*DATA PROVIDED*.
::::::
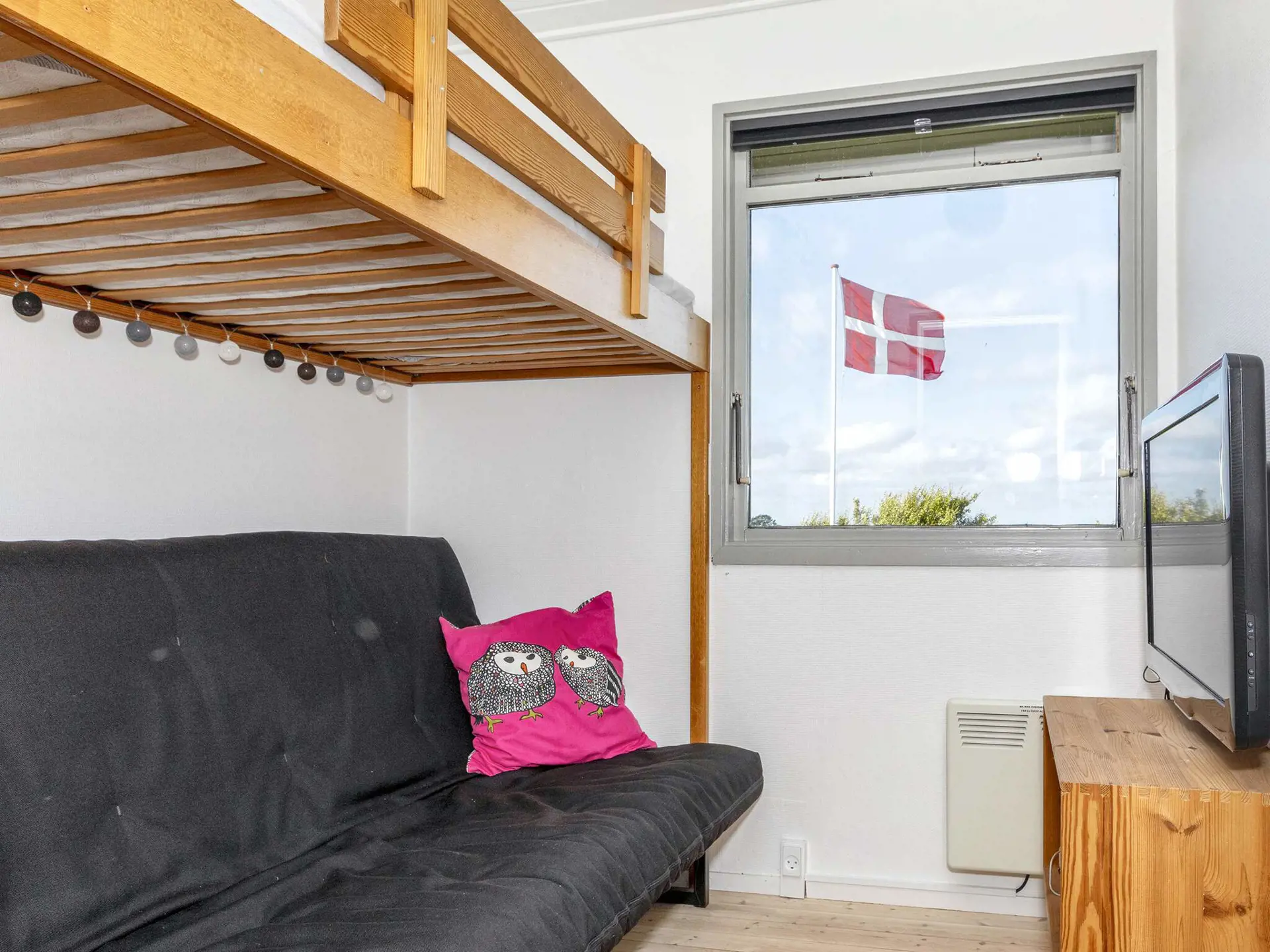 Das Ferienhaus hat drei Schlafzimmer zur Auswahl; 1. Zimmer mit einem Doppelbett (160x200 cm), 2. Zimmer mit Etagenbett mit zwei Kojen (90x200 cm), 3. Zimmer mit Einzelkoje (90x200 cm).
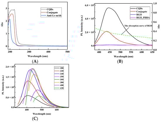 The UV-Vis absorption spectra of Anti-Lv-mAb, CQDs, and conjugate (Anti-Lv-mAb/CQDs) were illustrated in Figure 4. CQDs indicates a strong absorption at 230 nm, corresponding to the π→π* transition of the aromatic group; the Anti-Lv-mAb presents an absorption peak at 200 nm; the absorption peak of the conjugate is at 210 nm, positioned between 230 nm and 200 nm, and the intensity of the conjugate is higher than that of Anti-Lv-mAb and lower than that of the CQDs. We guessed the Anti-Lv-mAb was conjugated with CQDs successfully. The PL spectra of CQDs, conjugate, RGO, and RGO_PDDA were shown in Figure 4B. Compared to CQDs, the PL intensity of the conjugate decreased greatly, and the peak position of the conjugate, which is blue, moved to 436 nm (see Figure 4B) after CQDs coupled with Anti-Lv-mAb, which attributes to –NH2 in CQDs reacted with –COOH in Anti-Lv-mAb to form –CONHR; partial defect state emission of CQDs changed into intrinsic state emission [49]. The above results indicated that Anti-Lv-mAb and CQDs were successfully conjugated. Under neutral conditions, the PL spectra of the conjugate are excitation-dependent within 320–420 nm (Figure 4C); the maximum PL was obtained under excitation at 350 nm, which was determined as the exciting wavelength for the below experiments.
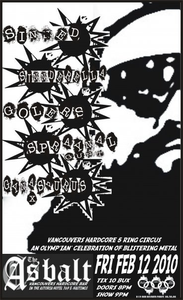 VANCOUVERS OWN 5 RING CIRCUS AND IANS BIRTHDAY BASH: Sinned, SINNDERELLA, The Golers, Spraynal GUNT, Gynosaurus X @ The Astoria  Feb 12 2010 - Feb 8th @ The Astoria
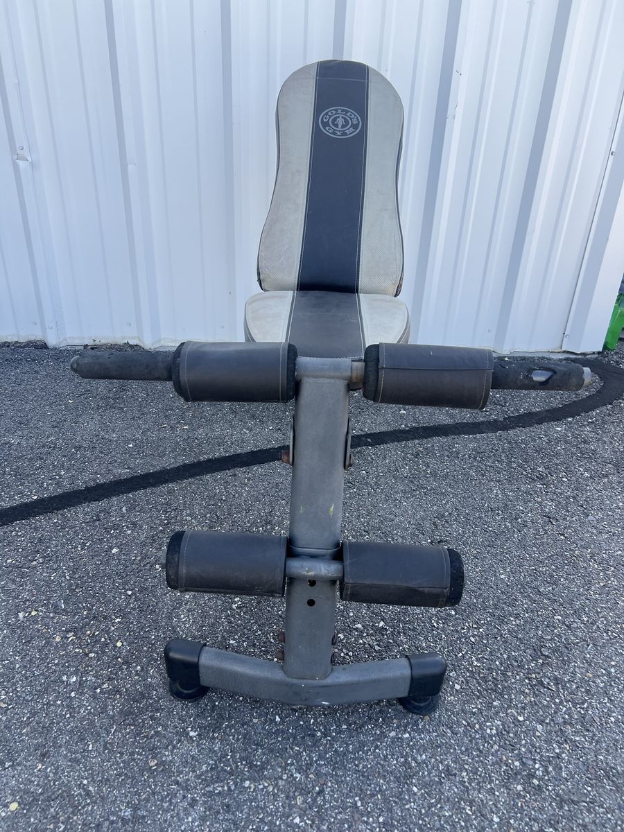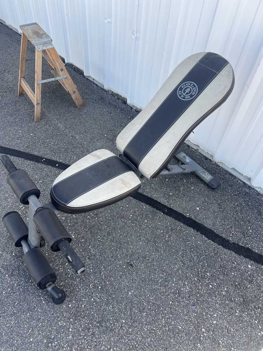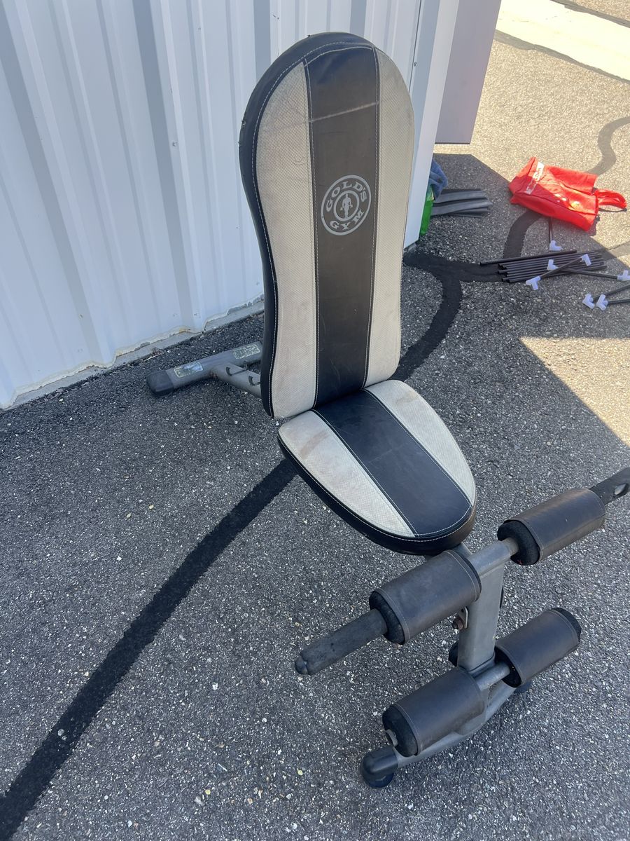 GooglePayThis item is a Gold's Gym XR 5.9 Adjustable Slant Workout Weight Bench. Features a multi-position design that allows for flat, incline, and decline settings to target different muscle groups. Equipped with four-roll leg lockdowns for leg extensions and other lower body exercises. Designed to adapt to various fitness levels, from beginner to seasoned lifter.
::::::
*TRY IT*. Write out again, word for word, the lines from the one holding "VANCOUVERS OWN 5" through the final line of the listing, including both ends but no pictures.

*EXERCISE RESULT*.
 VANCOUVERS OWN 5 RING CIRCUS AND IANS BIRTHDAY BASH: Sinned, SINNDERELLA, The Golers, Spraynal GUNT, Gynosaurus X @ The Astoria  Feb 12 2010 - Feb 8th @ The Astoria
 GooglePayThis item is a Gold's Gym XR 5.9 Adjustable Slant Workout Weight Bench. Features a multi-position design that allows for flat, incline, and decline settings to target different muscle groups. Equipped with four-roll leg lockdowns for leg extensions and other lower body exercises. Designed to adapt to various fitness levels, from beginner to seasoned lifter.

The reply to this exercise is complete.